*** GIVEN ENTRIES Section Begins ***

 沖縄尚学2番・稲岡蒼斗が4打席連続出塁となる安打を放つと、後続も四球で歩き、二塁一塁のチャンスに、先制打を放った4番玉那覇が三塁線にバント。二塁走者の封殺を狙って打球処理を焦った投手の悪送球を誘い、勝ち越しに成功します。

*** GIVEN ENTRIES Section Ends ***
*** GIVEN ENTRIES Section Begins ***

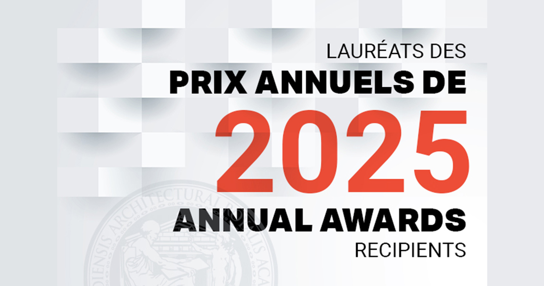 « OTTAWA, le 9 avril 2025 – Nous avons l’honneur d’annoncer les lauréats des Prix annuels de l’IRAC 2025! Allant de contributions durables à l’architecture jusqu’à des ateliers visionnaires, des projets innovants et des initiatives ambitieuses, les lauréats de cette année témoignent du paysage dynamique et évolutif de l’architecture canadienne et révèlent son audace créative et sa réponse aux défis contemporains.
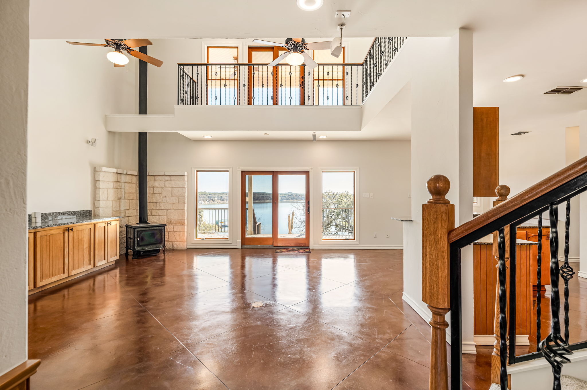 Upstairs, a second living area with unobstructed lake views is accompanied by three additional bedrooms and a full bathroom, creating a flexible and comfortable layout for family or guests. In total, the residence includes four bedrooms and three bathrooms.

*** GIVEN ENTRIES Section Ends ***
*** GIVEN ENTRIES Section Begins ***

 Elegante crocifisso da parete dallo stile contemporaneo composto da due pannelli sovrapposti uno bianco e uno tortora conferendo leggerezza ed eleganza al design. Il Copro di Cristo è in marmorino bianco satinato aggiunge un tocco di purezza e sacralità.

*** GIVEN ENTRIES Section Ends ***

When you reach the line holding "aux défis contemporains." in the listing above, begin retyping exactly, and stop once the line holding "Upstairs, a second" is done; pictures stay out.

▸ **TASK OUTPUT**:
 « OTTAWA, le 9 avril 2025 – Nous avons l’honneur d’annoncer les lauréats des Prix annuels de l’IRAC 2025! Allant de contributions durables à l’architecture jusqu’à des ateliers visionnaires, des projets innovants et des initiatives ambitieuses, les lauréats de cette année témoignent du paysage dynamique et évolutif de l’architecture canadienne et révèlent son audace créative et sa réponse aux défis contemporains.
 Upstairs, a second living area with unobstructed lake views is accompanied by three additional bedrooms and a full bathroom, creating a flexible and comfortable layout for family or guests. In total, the residence includes four bedrooms and three bathrooms.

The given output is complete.